TASK BRIEF: Print nothing but the lines below starting at the line that holds "Features: Measure both" and ending at the line that holds "6、目前对于选择何种机型技术", including both, each exactly as written.

DATA TO USE:
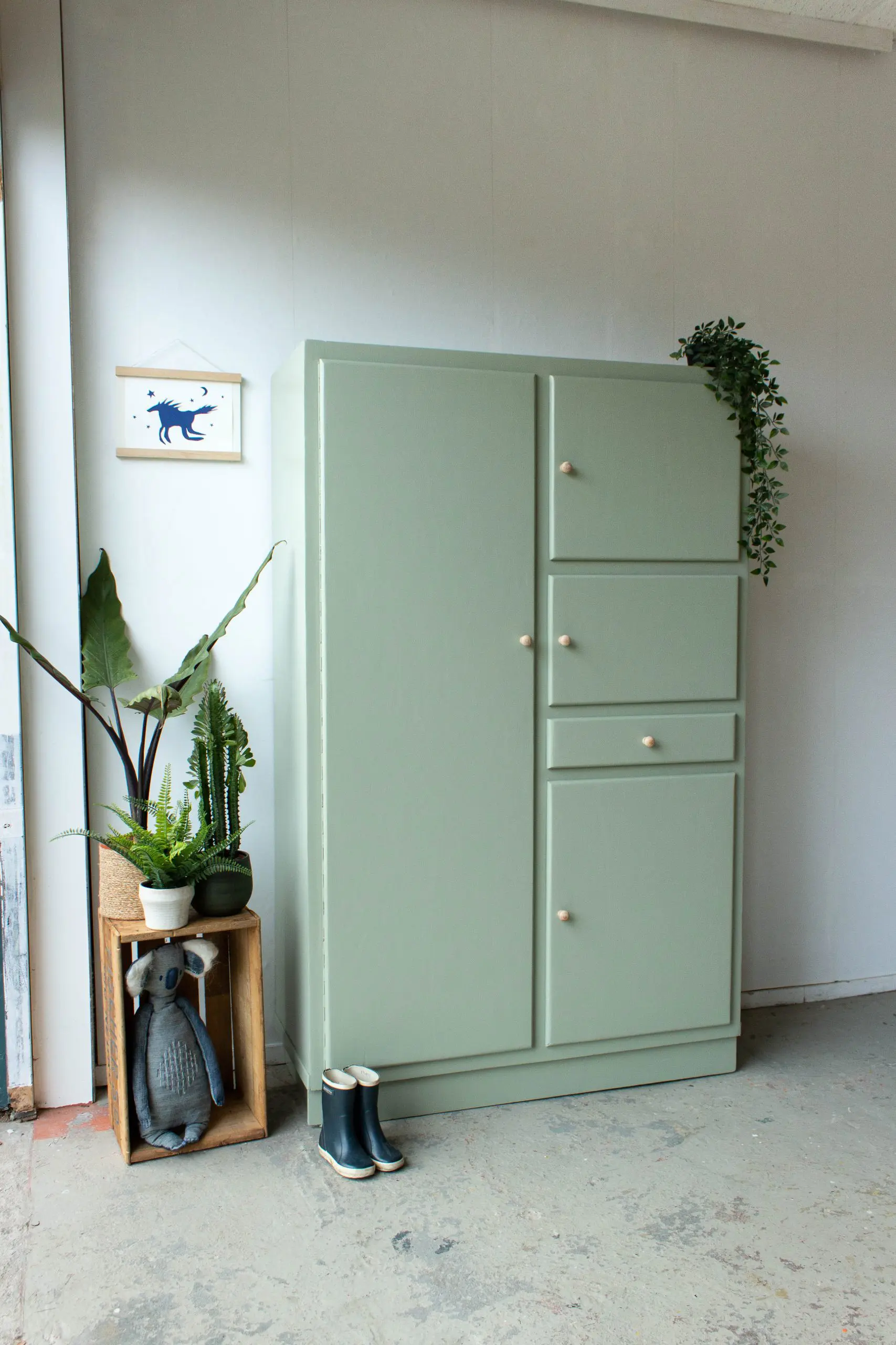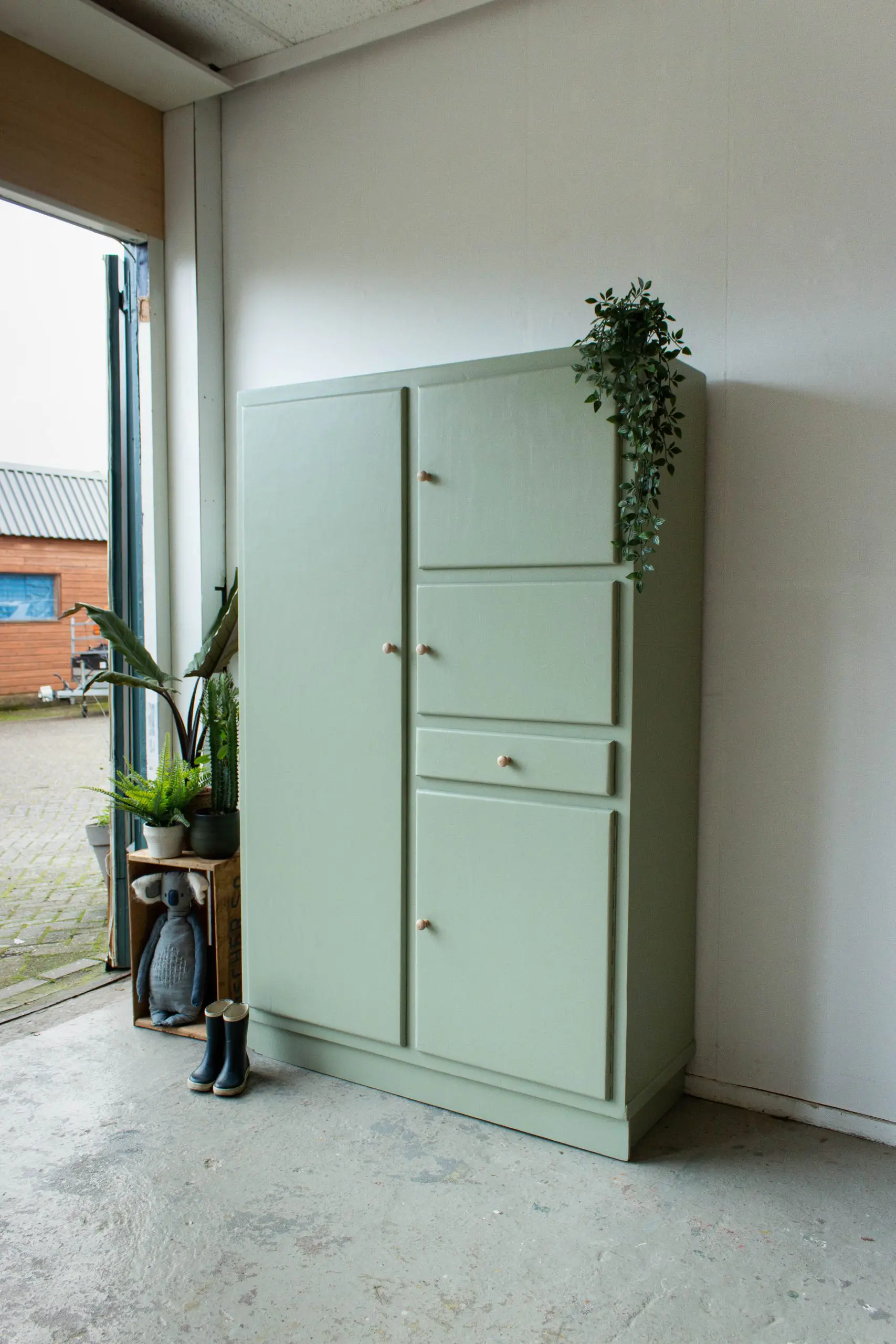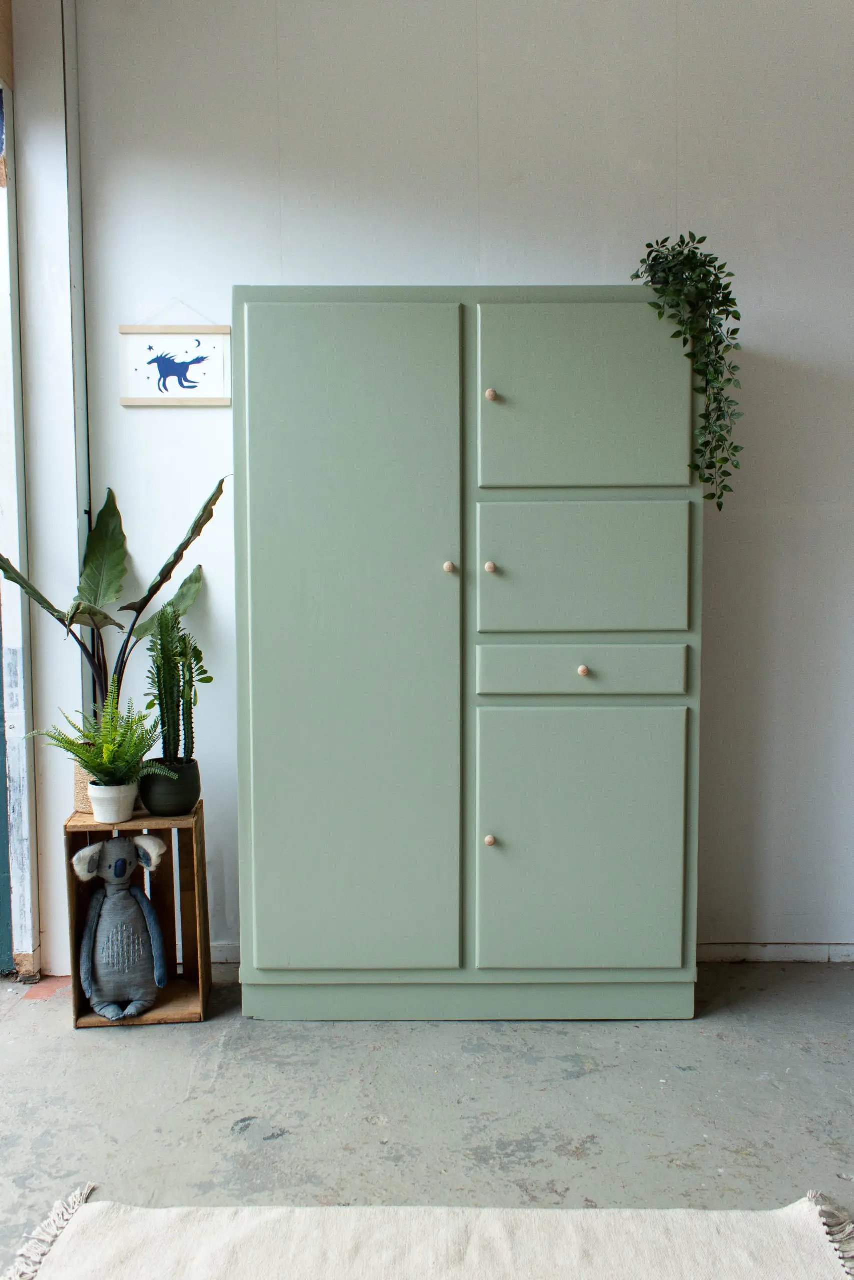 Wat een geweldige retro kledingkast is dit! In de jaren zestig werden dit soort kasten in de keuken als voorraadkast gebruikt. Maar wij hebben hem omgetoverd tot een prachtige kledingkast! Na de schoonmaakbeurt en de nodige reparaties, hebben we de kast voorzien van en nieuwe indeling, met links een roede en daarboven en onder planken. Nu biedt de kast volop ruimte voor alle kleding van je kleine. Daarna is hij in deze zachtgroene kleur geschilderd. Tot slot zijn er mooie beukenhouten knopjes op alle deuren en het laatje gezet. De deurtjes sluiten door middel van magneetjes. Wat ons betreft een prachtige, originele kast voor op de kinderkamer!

* * *

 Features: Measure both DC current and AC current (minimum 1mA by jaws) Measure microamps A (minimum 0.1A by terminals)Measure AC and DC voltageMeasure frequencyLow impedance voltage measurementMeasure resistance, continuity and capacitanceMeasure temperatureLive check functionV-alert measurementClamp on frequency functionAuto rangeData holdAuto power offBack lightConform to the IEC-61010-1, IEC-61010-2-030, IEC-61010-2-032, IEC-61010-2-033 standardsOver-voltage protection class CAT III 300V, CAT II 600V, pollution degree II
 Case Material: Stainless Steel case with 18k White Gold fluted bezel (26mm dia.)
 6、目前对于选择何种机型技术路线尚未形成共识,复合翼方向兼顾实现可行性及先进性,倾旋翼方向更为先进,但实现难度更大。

--

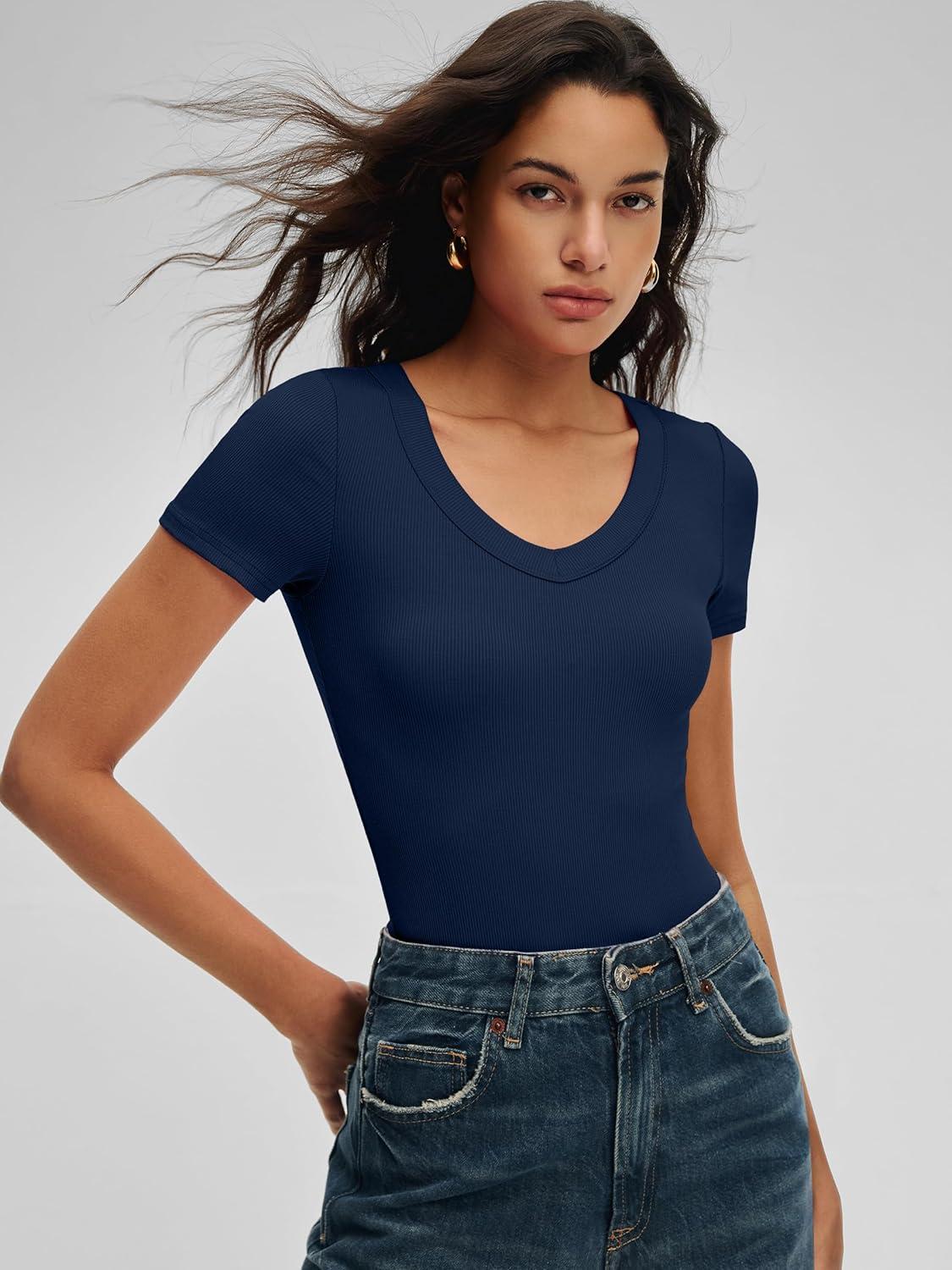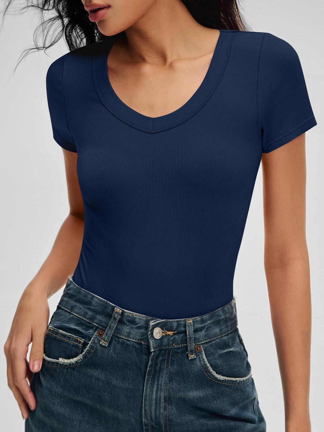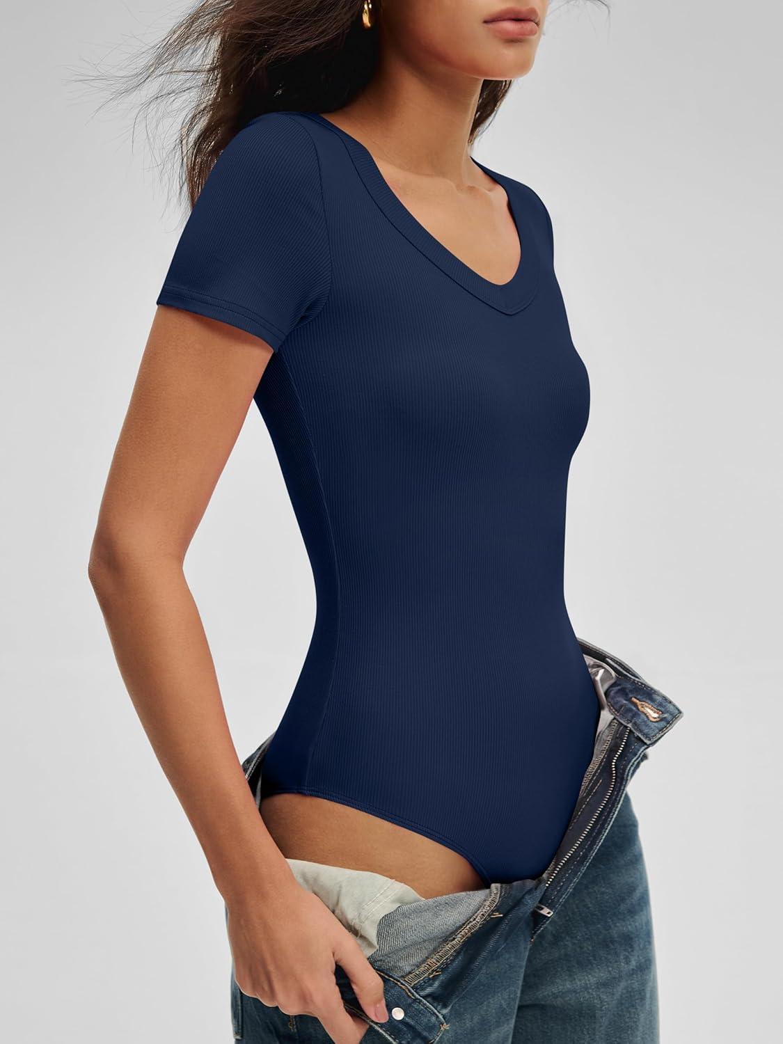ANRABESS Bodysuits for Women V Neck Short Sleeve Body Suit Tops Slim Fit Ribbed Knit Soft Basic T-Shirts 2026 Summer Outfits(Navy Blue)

SOLVED PROBLEM:
 Features: Measure both DC current and AC current (minimum 1mA by jaws) Measure microamps A (minimum 0.1A by terminals)Measure AC and DC voltageMeasure frequencyLow impedance voltage measurementMeasure resistance, continuity and capacitanceMeasure temperatureLive check functionV-alert measurementClamp on frequency functionAuto rangeData holdAuto power offBack lightConform to the IEC-61010-1, IEC-61010-2-030, IEC-61010-2-032, IEC-61010-2-033 standardsOver-voltage protection class CAT III 300V, CAT II 600V, pollution degree II
 Case Material: Stainless Steel case with 18k White Gold fluted bezel (26mm dia.)
 6、目前对于选择何种机型技术路线尚未形成共识,复合翼方向兼顾实现可行性及先进性,倾旋翼方向更为先进,但实现难度更大。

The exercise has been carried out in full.